Friday night, I spent time with the people I've come to consider my family. As per usual, they decided to go to the local VFW chapter, and began drinking. I drank water. Shots were done around me, toasts made over my head and if a round was bought, I was not thought of. As per usual.
That day, a no-contact order had been put in place by my commander against yet another of my male friends, and I was asked why I have male friends. Apparently a single military female shouldn't even speak to a married man for fear their wife takes it wrong. The house in my hometown that I was planning to move into fell through. I spent the entire day in the office, with I don't know how many panic attacks, and filled out, no lie, six different leave forms, in addition to the three I'd already submitted.

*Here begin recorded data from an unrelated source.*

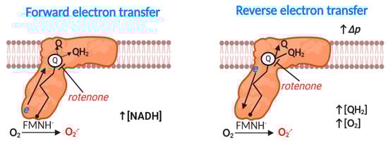 Energetically degenerate catalytic steps [] render reaction 4 fully reversible, provided a sufficient thermodynamic driving force exists, which occurs when the free energy released from electron transfer is insufficient to pump protons against the prevailing Δp [] (Figure 2). Reverse electron transfer (RET) catalyzed superoxide production was discovered by Chance and co-workers in 1967 [], and was considered irrelevant, until Murphy’s group showed that RET contributed to cardiac ischemia reperfusion injury (IRI) in 2013–2014 [,]. We now know that RET plays several important physiological (e.g., sleep, lifespan and O2 sensing) and pathological (e.g., in organ transplantation) roles [,,,,,,]. Robb and colleagues [] have identified the factors that govern RET: a highly reduced Q pool and near maximal Δp. A near maximal Δp necessitates low ATP synthesis (and limited activity of other Δp consumers; e.g., the transhydrogenase or the adenine nucleotide transporter []). RET-mediated superoxide production responds linearly to [O2] in isolated mitochondria []. The site of RET-mediated superoxide production is disputed: some favor FMN on structural (O2 may be unable to access bound Q) and dielectric (superoxide anion is unlikely to migrate to the negatively charged matrix) grounds, and others claim that O2 could access a prosthetic semiquinone radical (SQ●−) during dynamic catalysis (structures are static), or it could disengage [,,]. Regardless of the exact site (s), RET is occluded by compounds able to bind the Q site and/or dissipate Δp [].
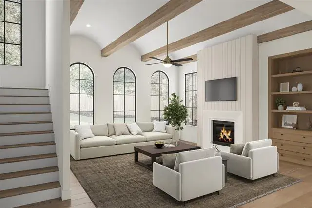MLS# 21168174 – Built by Homebound – May 2026 completion! ~ The Sienna blends elegance and versatility in a thoughtfully designed two-story home. The first floor features an open-concept kitchen with dual pantries, casual dining, and a great room accented by decorative ceiling beams that opens to a covered patio for effortless indoor-outdoor entertaining. Tucked conveniently near the primary suite, laundry room, powder bath, and two-car garage, the back-of-house layout is designed for everyday ease. The luxurious primary retreat includes a spa-inspired bath and a generous walk-in closet. A flexible front room offers the ideal space for a home office or lounge, while a secondary bedroom with a full bath and walk-in closet provides comfort for guests. Upstairs, a spacious loft and dedicated media room create multiple gathering spaces, complemented by two additional bedrooms with walk-in closets. Bedroom 4 features its own private bath, while a second full bath is conveniently located in the hallway, serving the remaining upstairs living spaces. A private balcony off the loft extends living outdoors, offering a peaceful place to unwind. With its thoughtful layout, premium finishes, and seamless connection to the outdoors, The Sienna sets the standard for refined lakeside living.
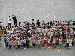 最初に並んだ1年生,2年生。6年生が並び終えるまで,ちゃんと列を崩さずに待っていてくれました。えらいなぁ。
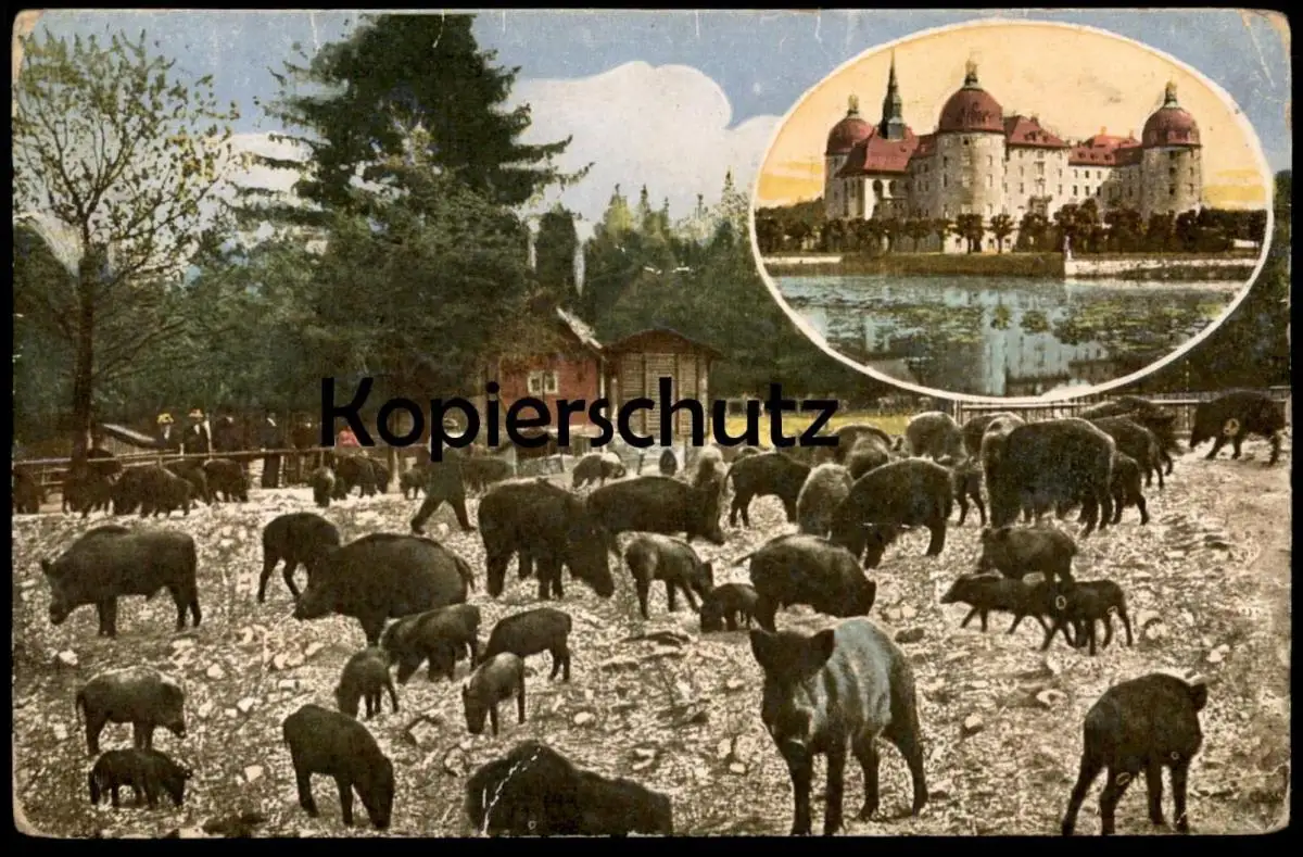 ALTE POSTKARTE MORITZBURG DRESDEN FÜTTERUNG WILDSCHWEINEVerlag: Carl Platz, Photograph Moritzburg
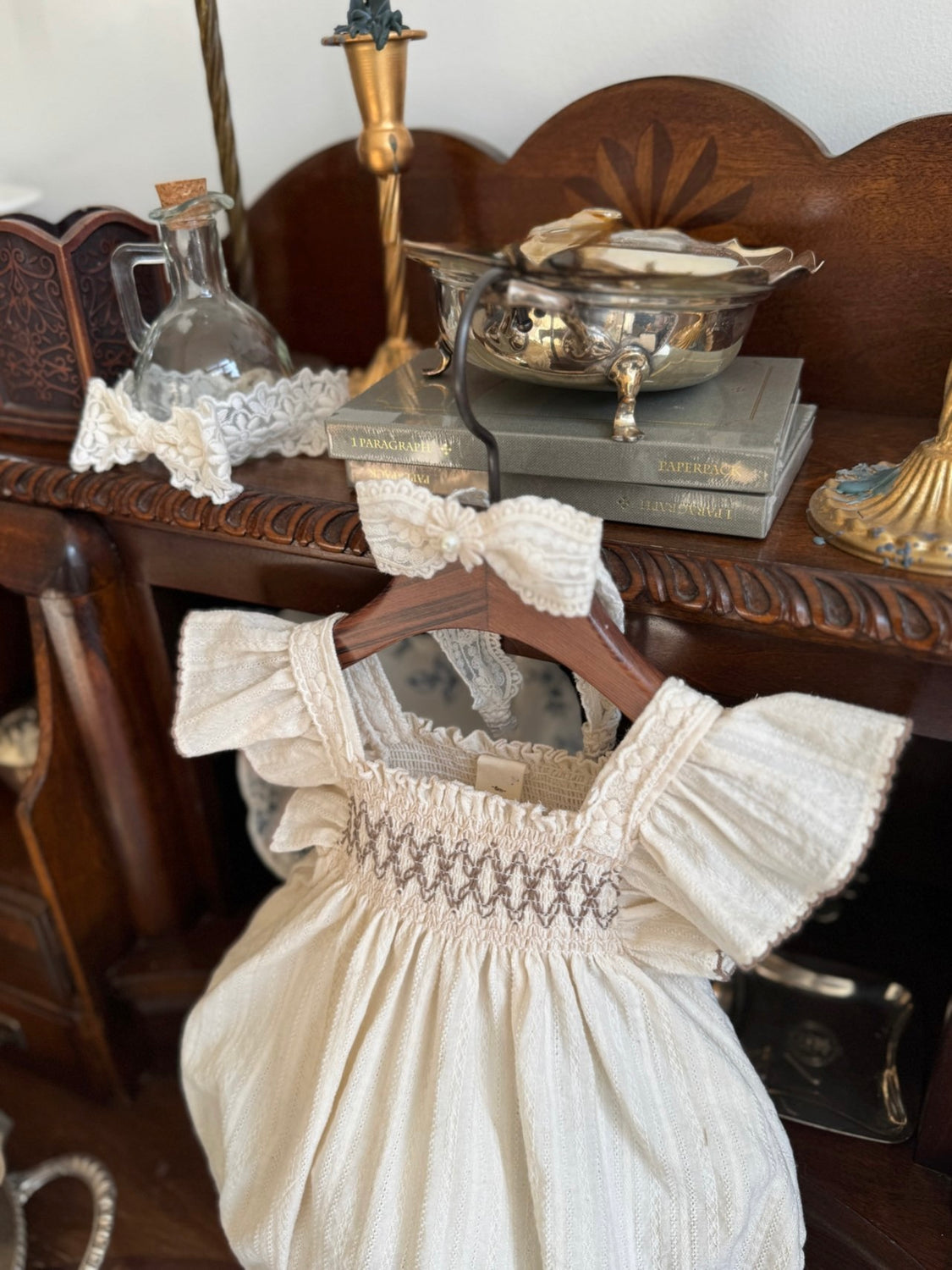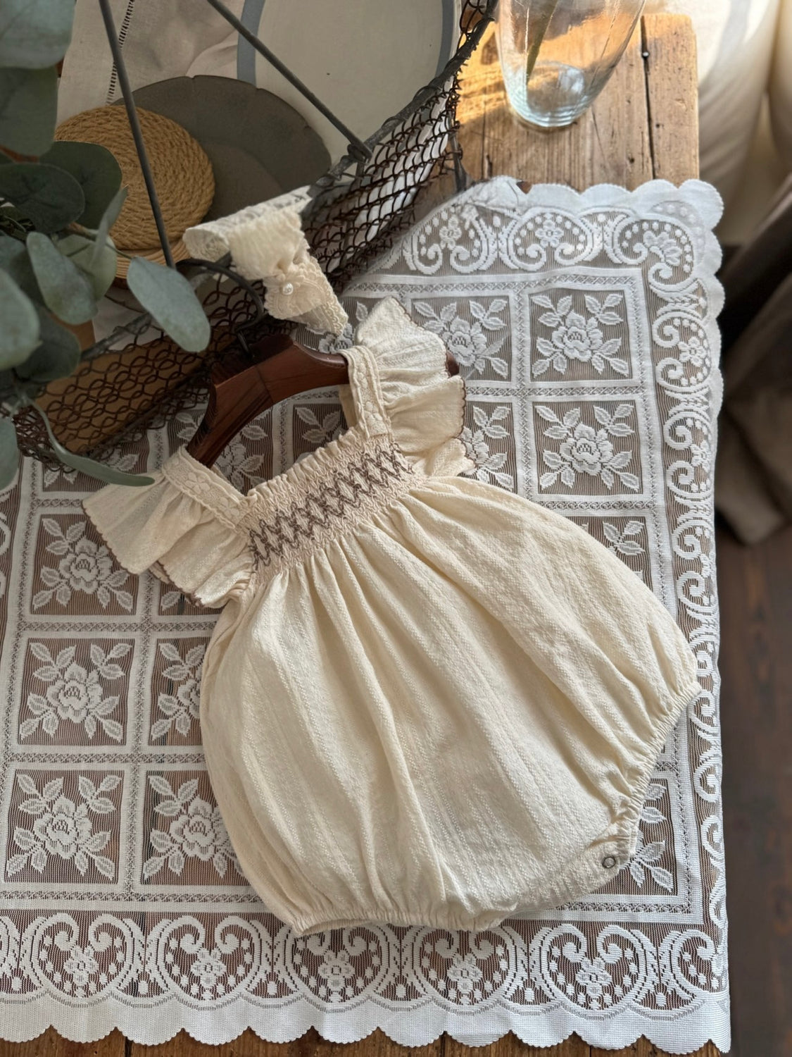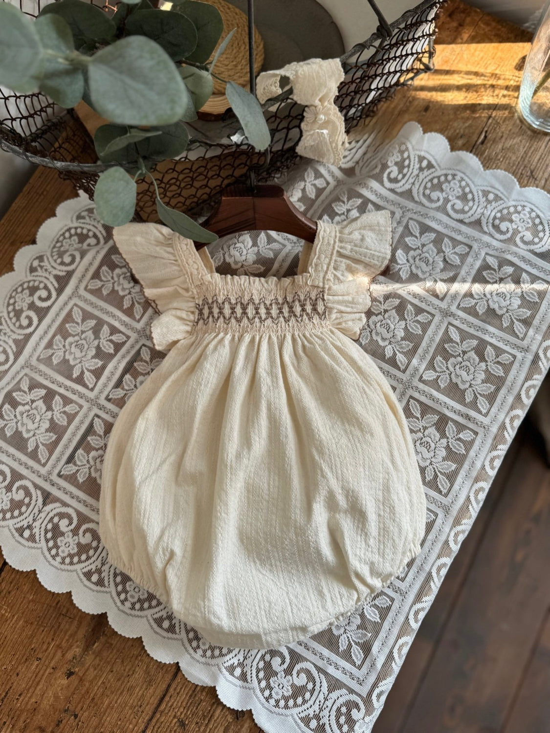 A soft, summery romper with smocking detail and flutter sleeves — perfect for everyday wear, photos and warm-weather outings.
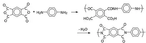 Aromatické polyimidy se vyrábějí reakcí dianhydridů s diaminy, například dianhydridu kyseliny pyromellitové s p-fenylendiaminem; místo diaminů lze též použít diisokyanáty. Díky své lepší rozpustnosti se často místo dianhydridů používají smíšené estery dianhydridů. Kvůli nerozpustnosti polyimidů probíhá reakce dvoustupňově. V prvním kroku se vytváří vysokomolekulární polyaminokyselina v polárním rozpouštědle, jako jsou methylpyrrolidon nebo N,N-dimethylacetamid. Polyaminokyselina se následně přemění na výsledný produkt, který je nerozpustný.
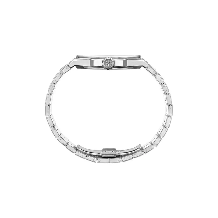 The steel bracelet with a folding clasp ensures both comfort and visual harmony.
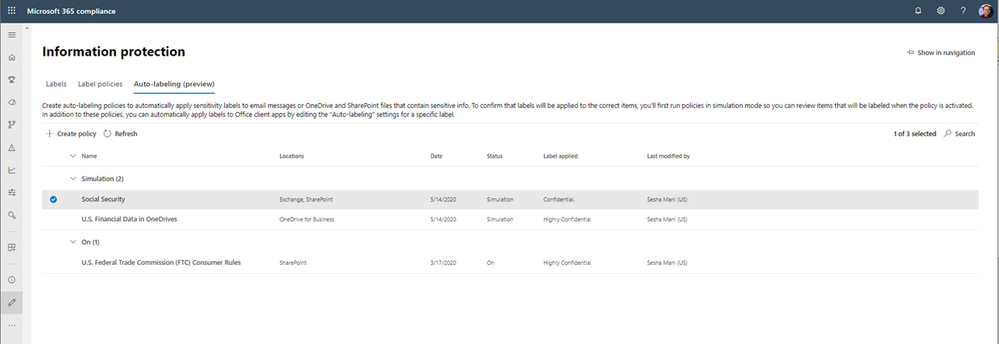 Today our Microsoft Information Protection story becomes even more complete with the GA release of service based auto labeling of sensitive labels for SharePoint Online, OneDrive and Exchange.
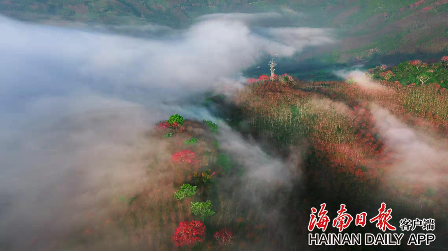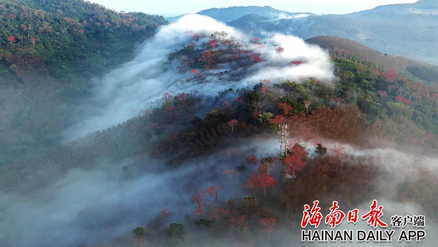 近日,白沙九架嶺木棉花開紅艷艷,朵朵嬌艷似火的木棉花在枝頭綻放,和山野、梯田遙相呼應,構成一幅美好的詩意風景畫卷。
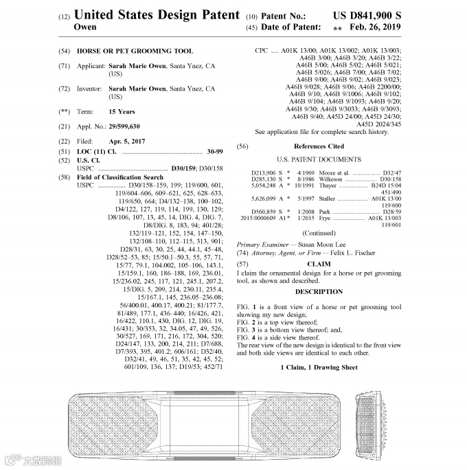 产品的美国外观专利早在2019年2月份就已获得授权,专利名称Horse or pet grooming tool,专利号USD841900S:
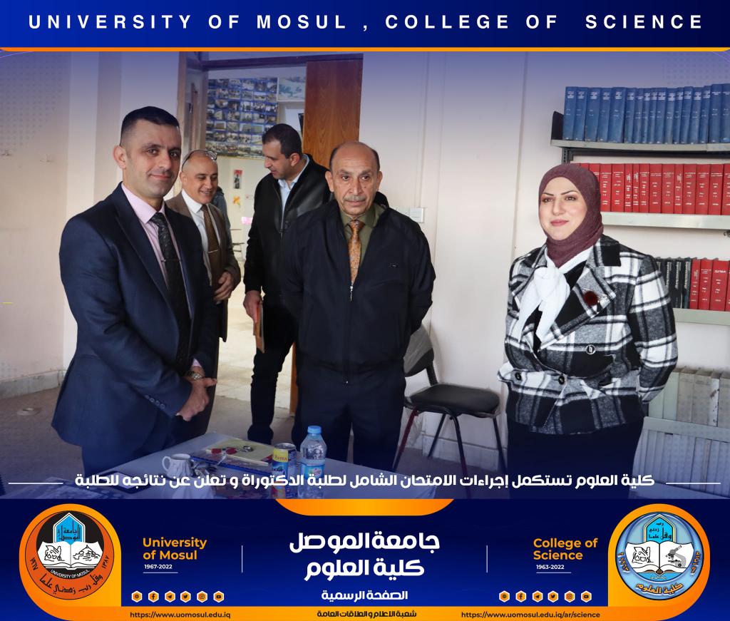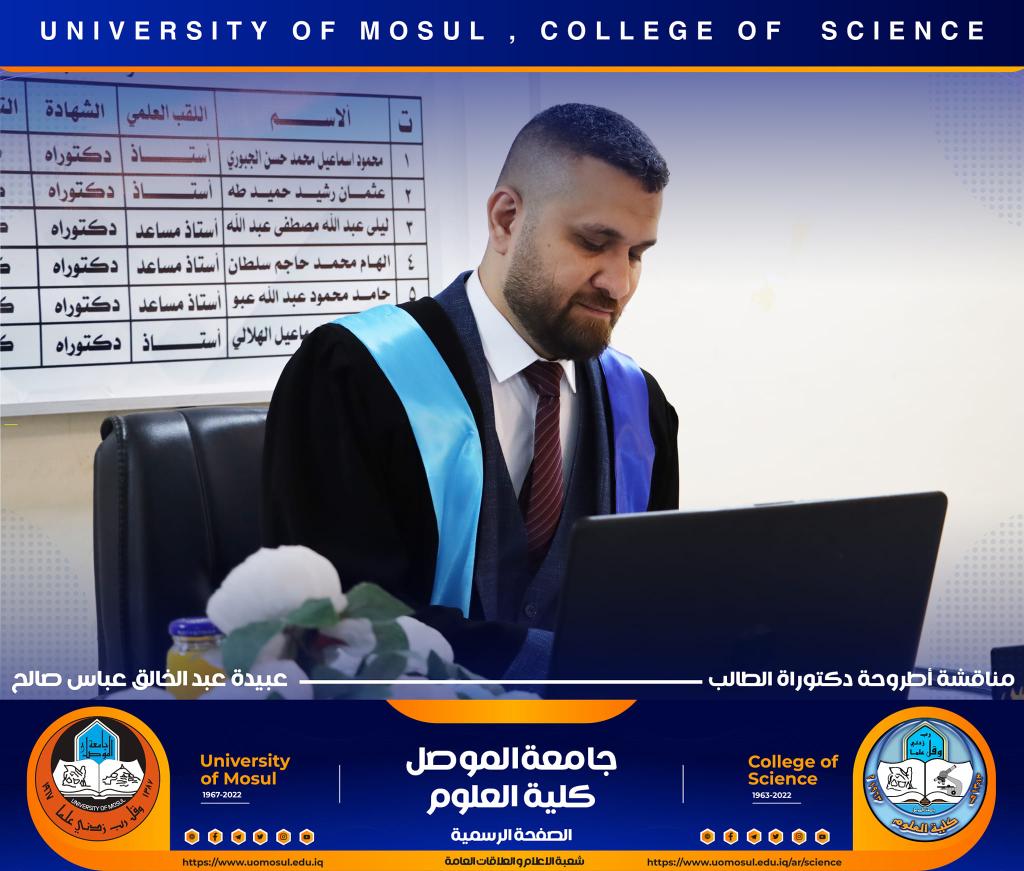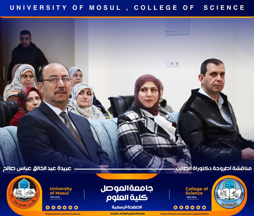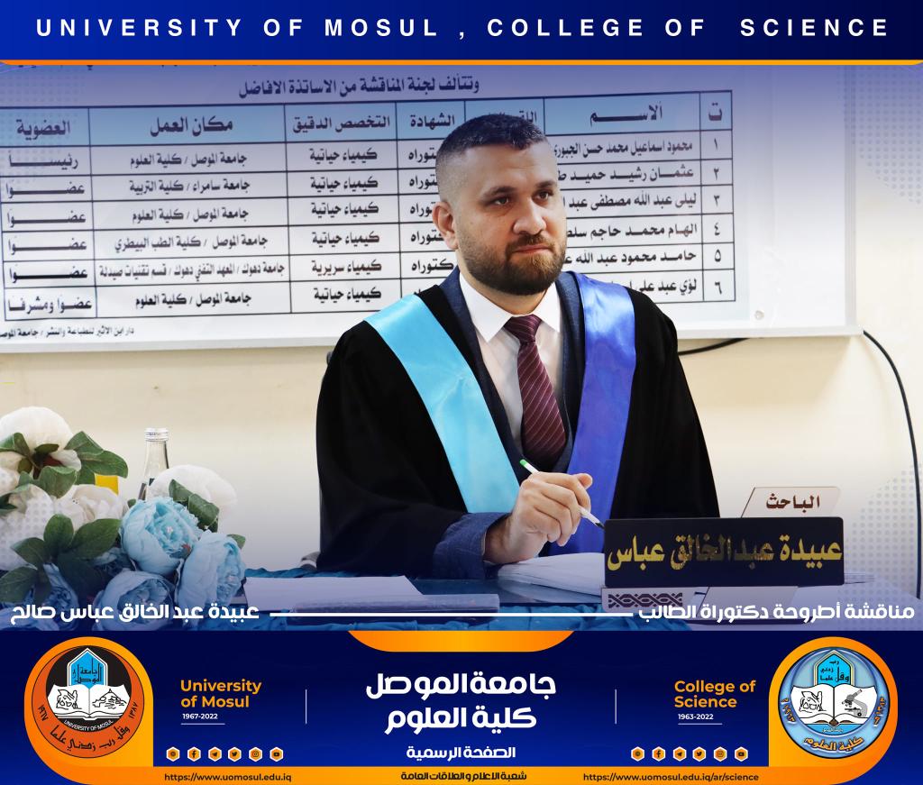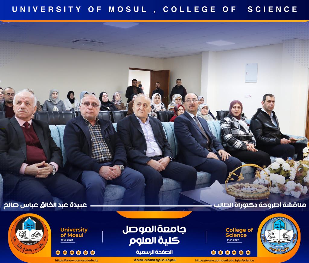 ناقش قسم الكيمياء في كلية العلوم بجامعة الموصل أطروحة الدكتوراه الموسومة ” دراسة مستوى المدكاين وعزله من مصل الدم لدى مرضى القلب والأوعية الدموية وعلاقته مع بعض الملوثات المعدنية السامة ” يوم الإثنين الموافق 5 كانون الأول 2022.حضر جانباً منها الأستاذ الدكتورة هيام عادل إبراهيم عميد الكلية والسيد المعاون الإداري والسيد رئيس القسم وعدد من تدريسي الكلية.تناولت الاطروحة التي تقدم بها الطالب ( عبيدة عبد الخالق عباس ) في فرع الكيمياء الحياتية ، دراسة على ميدكاين (MK) لمرضى أمراض القلب والأوعية الدموية (CVD) ، والمرضى في الدراسة تم تشخيصهم إكلينيكيًا بتصلب الشرايين (AP) ، واحتشاء عضلة القلب (MI) وفشل القلب (HF) ، بالإضافة إلى تقدير (25) متغير من متغيرات الكيموحيوية.أظهرت النتائج وجود زيادة معنوية في مستوى MK لمرضى AP وMI و HFخاصة عند الذكور من مجموعة مرضى MI. لوحظ انخفاض في المعادن الأساسية (الكالسيوم ، المغنيسيوم والحديد) في المرضى CVD ، خاصةً في مجموعة المرضى MI الإناث. وهناك مستويات عالية من المعادن الثقيلة مثل As وHg وCd في CVD خاصة في مجموعة مرضى APs مقارنة بمجموعة الاصحاء.أشارت النتائج إلى عدم وجود تأثير في العامل الوراثي لدى المرضى CVD، فقط هناك زيادة في مستويات ALT و ALP وانخفاض في Hg و GSH في المرضى الذين ليس لديهم تاريخ وراثي. لوحظ ان هناك تحسن جزئي في حالة المرضى الذين يعانون من أمراض القلب والأوعية الدموية والذين خضعوا لعمليات جراحية ، مقارنة بالمرضى الذين لم يخضعوا لأي عمليات جراحية.ترأس لجنة المناقشة الأستاذ الدكتور محمود إسماعيل حسن وعضوية كل من الأستاذ الدكتور عثمان رشيد حميد من جامعة سامراء و الأستاذ المساعد الدكتورة ليلى عبد الله مصطفى والأستاذ المساعد الدكتورة الهام محمد حاجم والأستاذ المساعد الدكتور حامد محمود عبد الله من جامعة دهوك ، وبإشراف وعضوية الأستاذ الدكتور لؤي عبد علي الهلالي.شعبة الإعلام والعلاقات العامةالإثنين 5 كانون الأول 2022

By Friday night, I wanted a shot. No, that's a lie. I wanted THEM ALL. Every shot, as many as it took to get me wasted plus six dozen more, please, bartender.
For the first time in years, I voiced this. And one of my friends got up to get me one.
I wanted it.
After three and a half years of sobriety, I was ready to throw it away. I wanted that drink.
I ran out the door.
I drove back to town, setting up a place to meet an AA-going friend on my way.
I attended my first three meetings-in the same day.
More than three years after quitting.
I came home.
I have spent the weekend in a house with three men, and no alcohol. Last night, after the last meeting, we made pizza, root beer floats, gorged ourselves on snack food, played board games that quickly turned into dirty jokes, and taunted the hell out of one another. We're pretty sure the sheriff that was behind us in line at the grocery store thought the three clowns laughing their assess off and buying $110 worth of snack food were high.
I have never had this much fun drunk.
Then again, I'm pretty sure I didn't know I could have this much fun with a bunch of sober people, either.
Life is changing.
If there's anything I want to take away from this, though, I really want to remember to trust the process- or maybe at least learn to.